Overweging 38

(38)

Het gebruik van AI-systeem voor biometrische identificatie op afstand in real time van natuurlijke personen in openbare ruimten voor rechtshandhavingsdoeleinden brengt noodzakelijkerwijs de verwerking van biometrische gegevens met zich mee. De regels in deze verordening die, met inachtneming van bepaalde uitzonderingen, een dergelijk gebruik verbieden en die gebaseerd zijn op artikel 16 VWEU, moeten als lex specialis gelden ten aanzien van de regels inzake de verwerking van biometrische gegevens in artikel 10 van Richtlijn (EU) 2016/680, waardoor een dergelijk gebruik en de bijbehorende verwerking van biometrische gegevens limitatief worden geregeld.

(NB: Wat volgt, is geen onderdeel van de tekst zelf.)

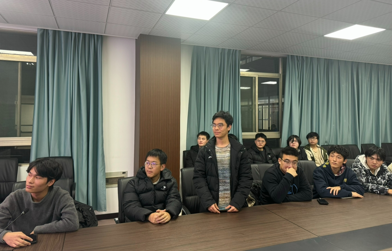 机器人工程专业2023级1班的郑卜俊宏同学,从机器人竞赛的起源、赛程安排、奖项类别等多个维度出发,详尽阐述了从选题策略、团队组建、信息搜集、方案设计到机器人原型开发与调试的完整链条。他不仅深入分享了备赛过程中遭遇技术瓶颈的破解策略、团队内部的高效沟通与协作机制,还谈到了面对挑战时的心理调适方法以及严格的时间规划与执行技巧。通过分享自己从机器人领域的初学者到熟练掌握各项技能的全过程,他进一步强调了扎实基本功对于机器人学习的重要性。他用自己的亲身经历告诉大家,无论是理论学习还是实践操作,都需要一步一个脚印,稳扎稳打,才能在机器人竞赛中脱颖而出,取得优异的成绩。机器人工程专业2023级2班、苍穹战队成员何兆卓同学结合近年来学校在RoboMaster高校系列赛中取得的成绩,为众人深入解读了这一赛事的内容。在交流中他谈到,参与这项高水平的机器人竞技赛事绝非仅凭一腔热血就能轻易驾驭。参赛者不仅需要拥有电子工程、计算机科学、机械设计等交叉学科的知识,更需在复杂多变的比赛环境中迅速定位问题并高效解决。更为重要的是,RoboMaster强调团队协作的力量,它要求每一位成员不仅要成为各自领域的“专家”,还要具备出色的团队合作精神,能够在紧张激烈的比赛中迅速响应、默契配合,共同克服难关。他勉励同学们跨领域学习,打破专业壁垒,拓宽学习视野,以促进团队内部的有效沟通与协作。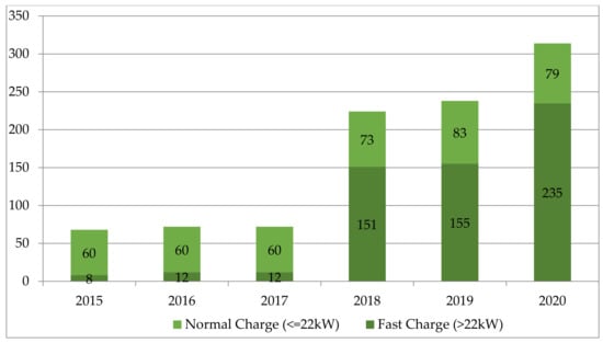 The authors believe that the purchase of electric vehicles contributes to the future of the company as well as to the environmental friendliness. For example, Latvia has 72 charging stations, eight of which are located in Riga (CSDD, 2019). Electricity fees in Latvia also include the total number of electric cars. Total number of normal and fast public charging points in Latvia are shown in Figure 7.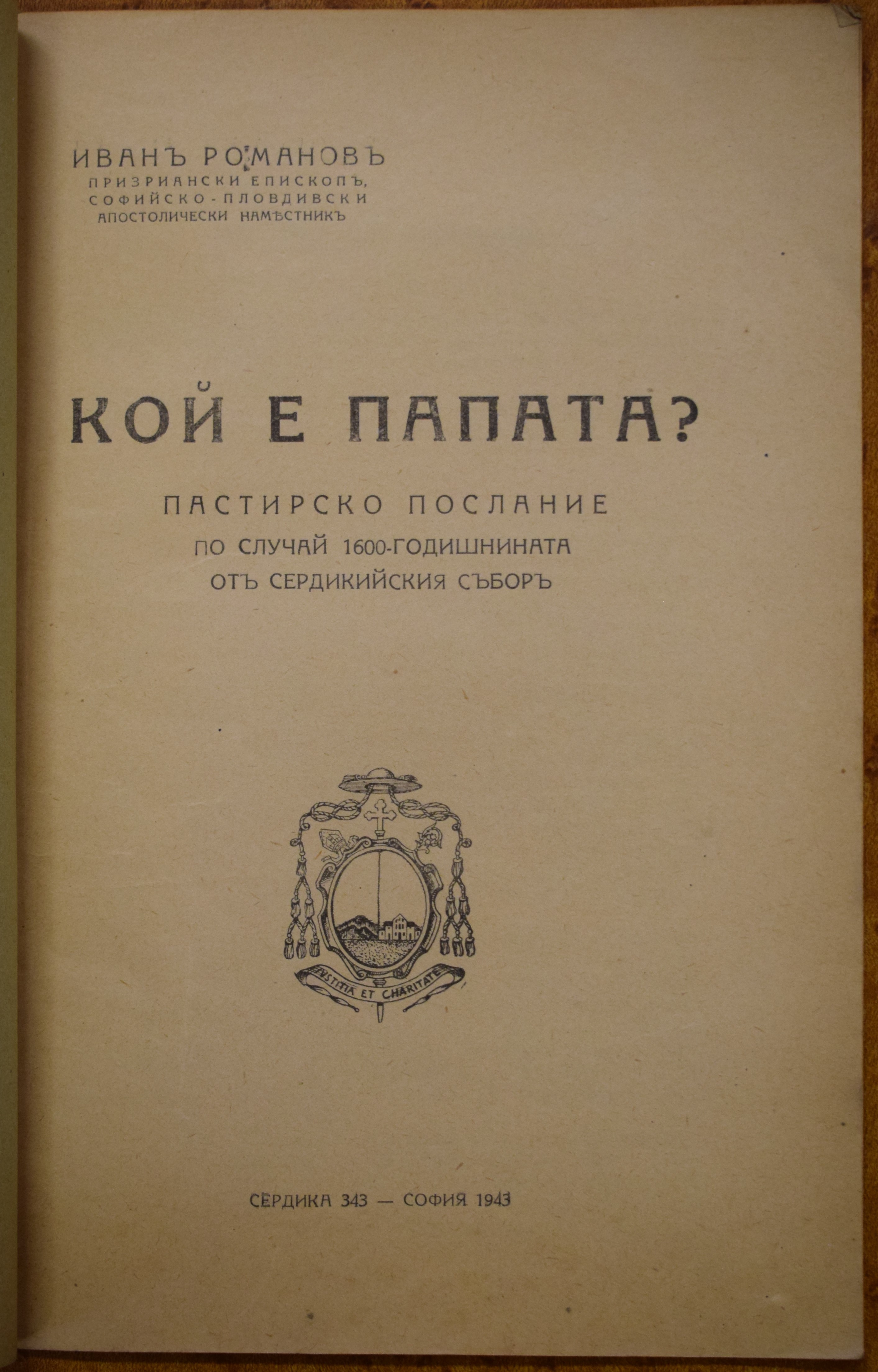 Кой е папата? Пастирско послание по случай 1600-годишнината от Сердикийския събор. / Иван Романов. - София : Сердика 343, 1943 (Гутенберг). - 22, [2] с.; 26 см, 8°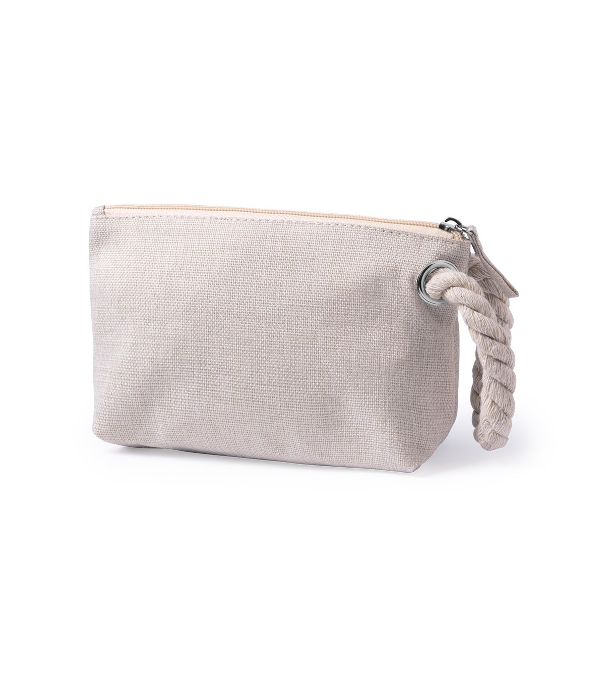 Portatodo multiusos en algodón y poliéster en tonos crudos naturales. Cremallera a juego, con práctica asa trenzada, argolla de refuerzo metálica.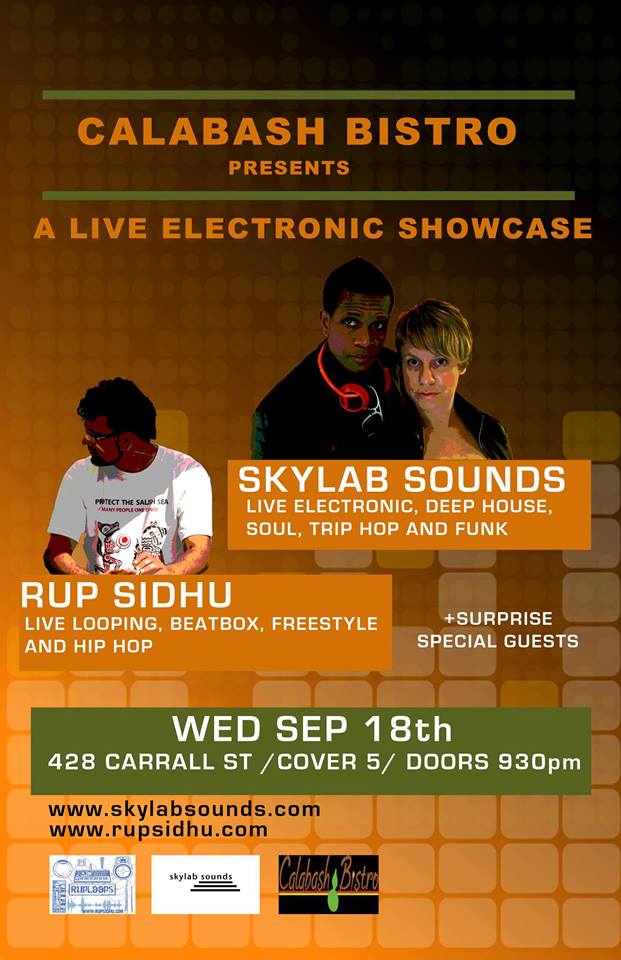 A live electronic showcase: Skylab Sounds, Rup Sidhu @ Calabash Bistro Dec 31 1969 - Jan 10th @ Calabash Bistro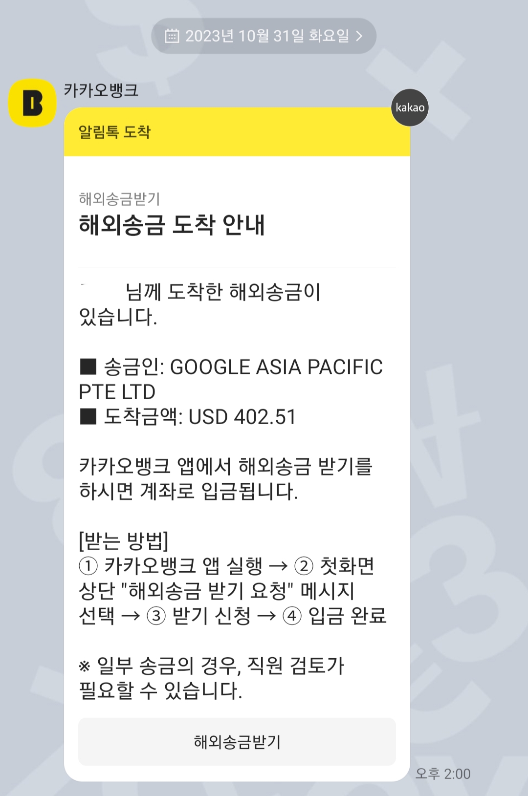 카카오뱅크에서 [해외송금 도착 안내]를 받았어요.

Daarom mogen een dergelijk gebruik en een dergelijke verwerking alleen mogelijk zijn voor zover zij verenigbaar zijn met het bij deze verordening vastgestelde kader, zonder dat er buiten dat kader ruimte is voor de bevoegde autoriteiten om, wanneer zij optreden met het oog op de rechtshandhaving, dergelijke systemen te gebruiken en dergelijke gegevens in verband daarmee te verwerken om de in artikel 10 van Richtlijn (EU) 2016/680 genoemde redenen. In die context is deze verordening niet bedoeld om de rechtsgrondslag te bieden voor de verwerking van persoonsgegevens op grond van artikel 8 van Richtlijn (EU) 2016/680. Het gebruik van systemen voor biometrische identificatie op afstand in real time in openbare ruimten voor andere doeleinden dan rechtshandhaving, ook door bevoegde autoriteiten, mag echter niet worden opgenomen in het specifieke kader met betrekking tot dergelijk gebruik voor rechtshandhavingsdoeleinden dat bij deze verordening wordt vastgesteld. Dergelijk gebruik voor andere doeleinden dan rechtshandhaving is derhalve niet onderworpen aan het vereiste van toestemming uit hoofde van deze verordening en de toepasselijke specifieke regels van nationaal recht die aan die toestemming uitvoering kunnen geven.